Che basti cambiare aria del resto non è una novità, nel Pd. Chi si ricorda di Stefano Francesca, portavoce prima dell’allora sindaco di Pavia Piera Capitelli e poi dell’attuale sindaco di Genova Marta Vincenzi? Era il 2007 quando, in Lombardia, Francesca finì nel mirino dell’opposizione e della magistratura per una parcella che parve un po’ troppo generosa incassata dalla sua società, la «Warm&Co», che aveva organizzato il Festival dei Saperi e per il quale il Comune aveva sborsato un milione e 250mila euro. Il sindaco lo scaricò immediatamente, liquidandolo con una letteraccia nella quale annotava «inadempienze, anche sostanziali» nella sua attività. Sbarcato a Genova a fare il braccio destro della Vincenzi, Francesca è finito in manette per un pasticciaccio brutto di tangenti che ancora deve concludersi, allontanato dal sindaco con un: «Mi sento tradita», ma non dal partito, col quale continua a collaborare.
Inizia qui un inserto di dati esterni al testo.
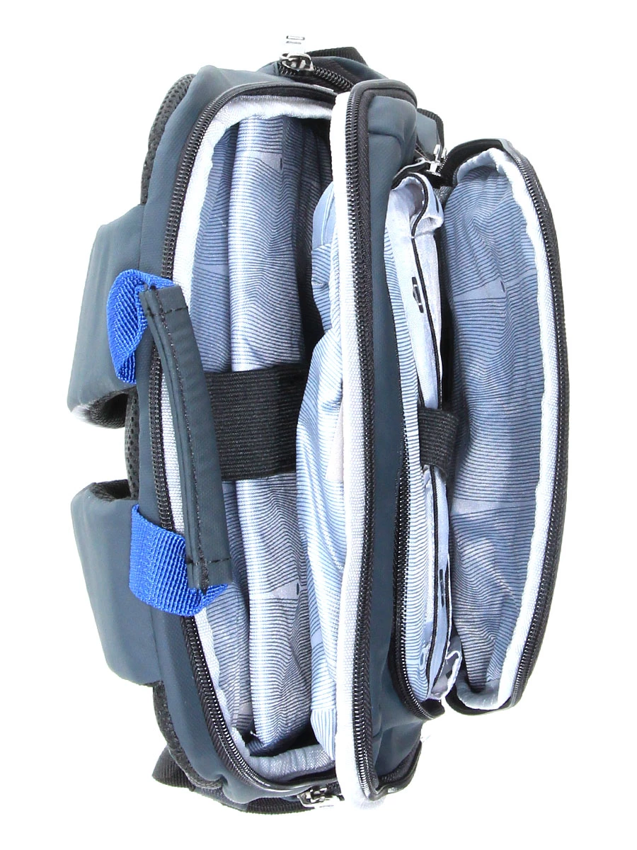 Le mini sac Delsey Parvis Plus Imperméable S dispose d’un compartiment équipée d’une poche rembourrée pour transporter en sécurité un ordinateur jusqu’à 13.3 pouces. Son passant connecté permet de relier l’intérieur du compartiment vers sa poche côté pour simplifier le rechargement du téléphone, pour faire passer un câble d’écouteur, etc. Sa poche frontale renferme différentes options de rangement adaptées pour une tablette, des cartes de visite, des stylos, des petites fournitures… Ses 2 poches côtés peuvent faire office de poches porte bouteille en les laissant ouvertes. Une dernière petite poche zippée située sur le haut du sac vient compléter le tout.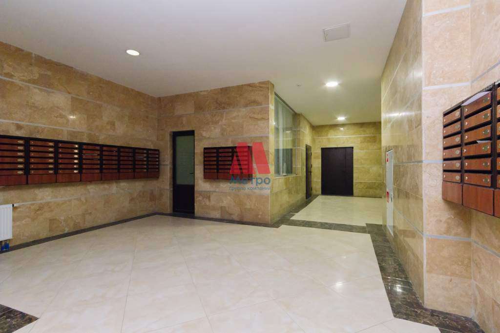 Квартира на 17 этаже 19 этажного, кирпичного дома, общая площадь 50,2 м2, кухня 14,5 м2 и комната 20, м2, высота потолков 3 м, без балкона.
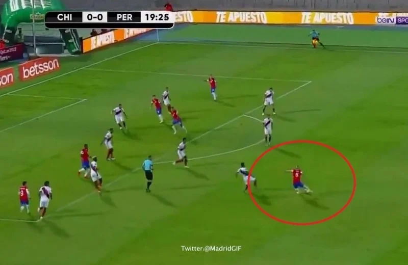 Čile u vodstvo stiže u 19. minuti, a sjajan pogodak za vodstvo ove reprezentacije postigao je Vidal. Meneses mu je dodao loptu s lijeve strane, on je primio na nekih 30 metara od gola Perua, namjestio se i onda razornim udarcem pogodio za 1:0.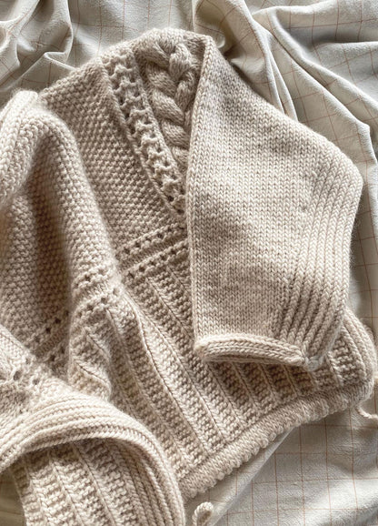 Le Elm Sweater d'Augustins est un projet de tricot de niveau avancé. Ce projet est travaillé en une seule pièce du haut vers le bas, en allers-retours et en rond. Vous commencerez par tricoter le corps puis vous reprendrez des mailles autour de l'emmanchure pour tricoter les manches. Ce design présente une combinaison de torsades, de dentelle et de points texturés, de quoi en faire un design unique !
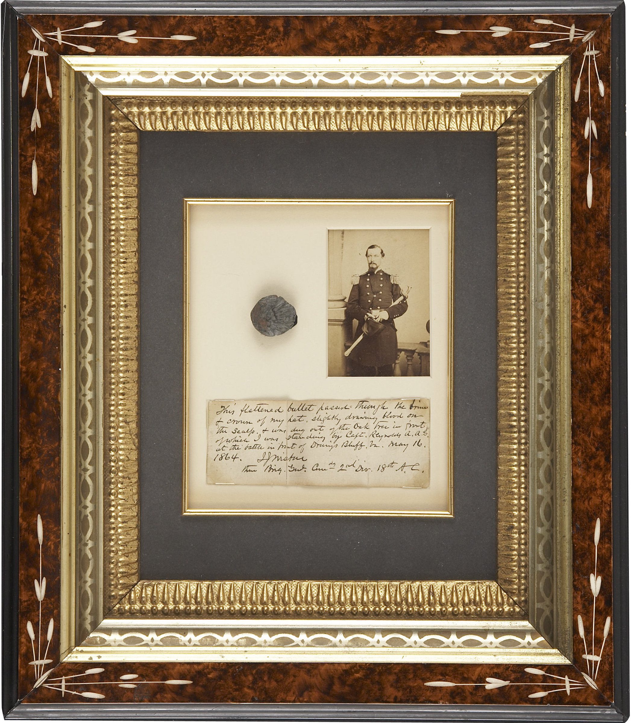 From the seller: A mushroomed Confederate minié ball is preserved in a inlaid period frame with a CDV of the general and a 5″ x 2″ Autograph Note Signed, reading as follows: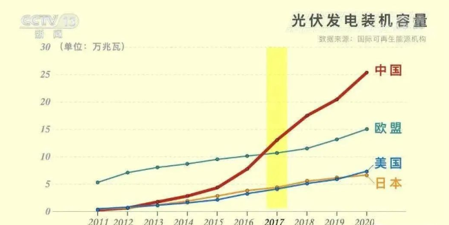 2011年,中国的装机容量仅为日本、美国的六成,为欧盟的6%。从2013年起,国家加大节能减排力度,光伏产业快速发展。到2017年,中国的装机容量就超过了整个欧盟的总和。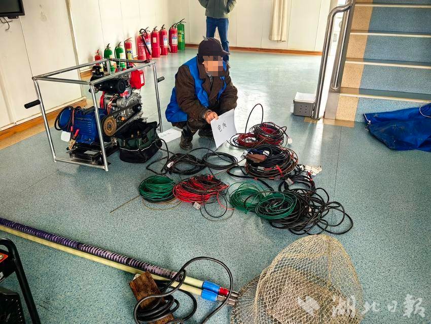 去年底,渔政执法人员在市场发现7尾野生鮰鱼,排查获知有人违法电鱼。梳理线索后,他们将视线锁定在江夏金口中山舰码头、铁板洲至武汉经济技术开发区汉南水域。渔政联合水上公安经过现场侦察后,制定了精细抓捕预案。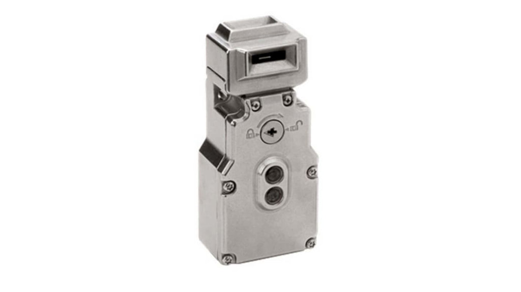 Interruttore di interblocco di sicurezza con chiave, 2NC/1NA, meccanismo di bloccaggio e sblocco elettromagnetico, attuatore incluso, contatti di sicurezza 2NC, corpo in acciaio inox, grado di protezione IP69K, progettato per applicazioni nell'industria chimica e della lavorazione degli alimenti, conforme alla norma IEC 6094751, modello F3S-TGR.

Ma se i genovesi hanno avuto almeno la buona creanza di non affidargli incarichi pubblici, a fare scuola sono i calabresi. Di indagati al loro posto ce n’è un po’, laggiù, ma su tutti spicca Vincenzo Sculco, il condannato. Lo chiamano «Sua Preferenza» per quei 7209 voti che dalla vicepresidenza della Provincia di Crotone lo hanno portato in consiglio regionale. Sculco è stato condannato nel 2007 a sette anni di reclusione per frode in pubbliche forniture, truffa, falso ideologico, turbata libertà degli incanti, corruzione e concussione con interdizione perpetua dai pubblici uffici. Solo che qui la «perpetua» è al massimo quella di Don Abbondio. Perché un anno e mezzo dopo, era l’agosto del 2008, Sculco era già di nuovo al suo posto. Lo dice la legge, la numero 15 del 1990, che l’interdizione cessa dopo 18 mesi in attesa dell’Appello. E la legge va rispettata, che ci volete fare. E che importano l’etica e la questione morale.
Su Facebook, per dire, da mesi un folto gruppo che chiede al senatore Alberto Tedesco di uscire dal Pd, se proprio non può mollare lo scranno. L’ex assessore alla Sanità della Regione Puglia si era dimesso a febbraio, dopo l’iscrizione nel registro degli indagati per un’inchiesta su presunte tangenti della Direzione distrettuale antimafia.

Prima del processo il Pd candidò capolista in Puglia l’ex ministro Paolo De Castro, la cui elezione al parlamento europeo liberò il posto a palazzo Madama per Tedesco, che così ottenne l’immunità parlamentare. Vedi che il Lodo Alfano non serve.